Transcription factors are responsible for controlling all the genes in a cell and work together in large, multi-protein complexes to switch genes on and off. Ewing’s Sarcoma contains a transcription factor that is produced because of the t(11;22) chromosomal translocation that is specific to this disease. This transcription factor is called EWS-FLI1. EWS-FLI1 is thus a perfect target because it is only present in Ewing’s Sarcoma and not in normal cells. When EWS-FLI1 is removed from Ewing’s Sarcoma cells growing in Petri dishes, the cells will die. Though EWS-FLI1 is a perfect target because of this uniqueness, there are particular challenges to developing a treatment that can attack this perfect target.
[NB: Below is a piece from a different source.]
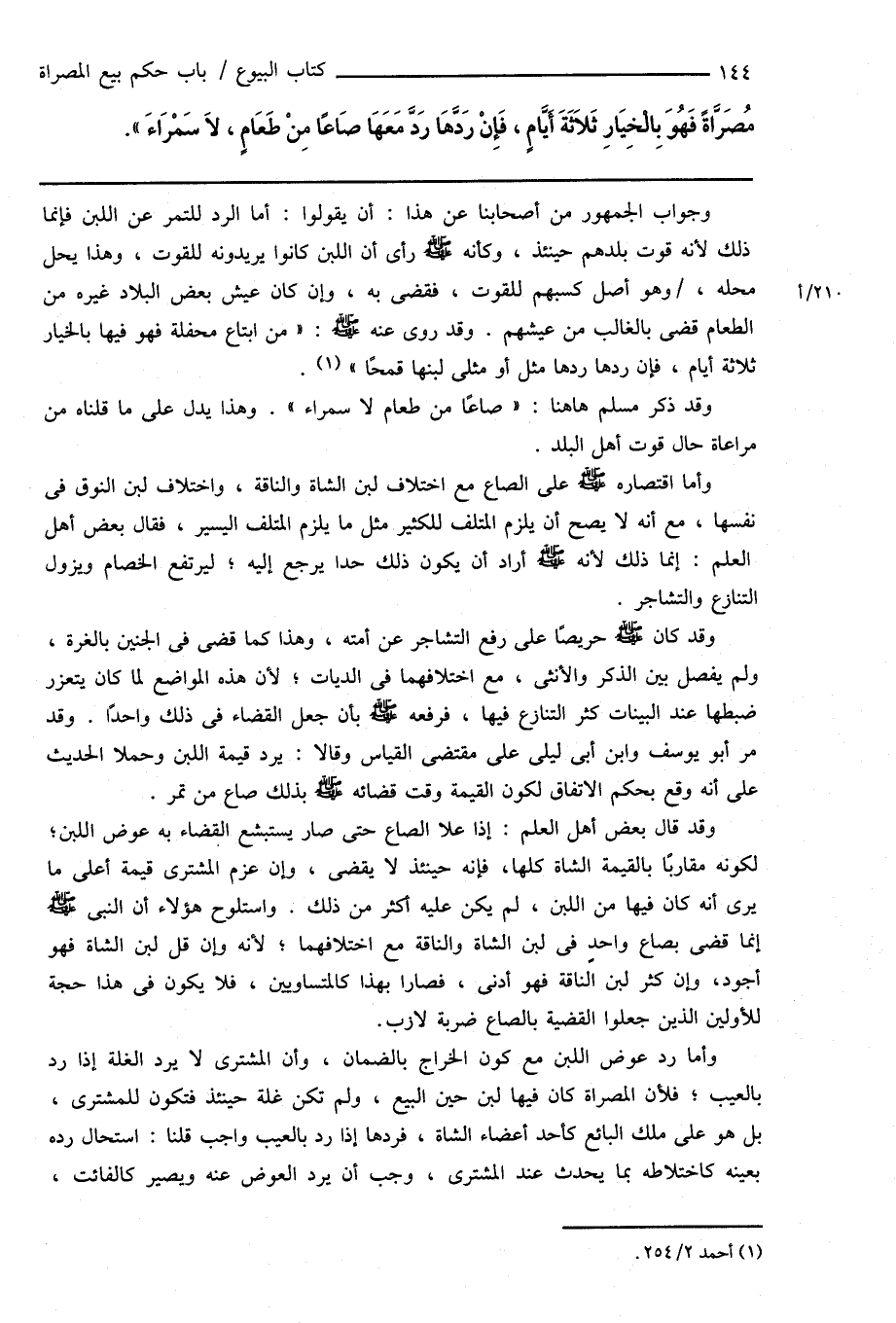 وقد كان صَلَّى اللهُ عَلَيْهِ وَسَلَّمَ حريصًا على رفع التشاجر عن أمته، وهذا كما قضى فى الجنين بالغرة، ولم يفصل بين الذكر والأنثى، مع اختلافهما فى الديات؛ لأن هذه المواضع لما كان يتعزر ضبطها عند البينات كثر التنازع فيها، فرفعه صَلَّى اللهُ عَلَيْهِ وَسَلَّمَ بأن جعل القضاء فى ذلك واحدًا. وقد مر أبو يوسف وابن أبى ليلى على مقتضى القياس وقالا: يرد قيمة اللبن وحملا الحديث على أنه وقع بحكم الاتفاق لكون القيمة وقت قضائه صَلَّى اللهُ عَلَيْهِ وَسَلَّمَ بذلك صاع من تمر.

EWS-FLI1 is a protein and, to reiterate, its purpose in cells is to be a transcription factor. Since transcription factors need to work together, one way to turn off an individual factor is to disrupt, or take apart, the group of proteins. In order to create a treatment to switch off EWS-FLI1, EWS-FLI1 needs to be disrupted from other transcription factors. Therefore, it was necessary to identify a critical partner that EWS-FLI1 required for its oncogenic function.²

Disrupting Transcription Factor EWS-FLI1 Leads to New Medicines

There are many technical reasons why scientists have been discouraged from directly creating therapies to disrupt transcription factors such as EWS-FLI1. These technical reasons include aspects of biochemistry that challenged synthesis and purification of EWS-FLI1. Proteins fold into three-dimensional shapes in order to work; however, some proteins like EWS-FLI1 are disordered and lack a stable three-dimensional structure. EWS-FLI1 is a combination of two proteins, half EWS and half FLI1. Investigators have identified some contributions of these two halves, while full-length EWS-FLI1 has been shown to switch on and off certain genes. However, the structural contributions and, specifically, key protein interactions are still incompletely understood.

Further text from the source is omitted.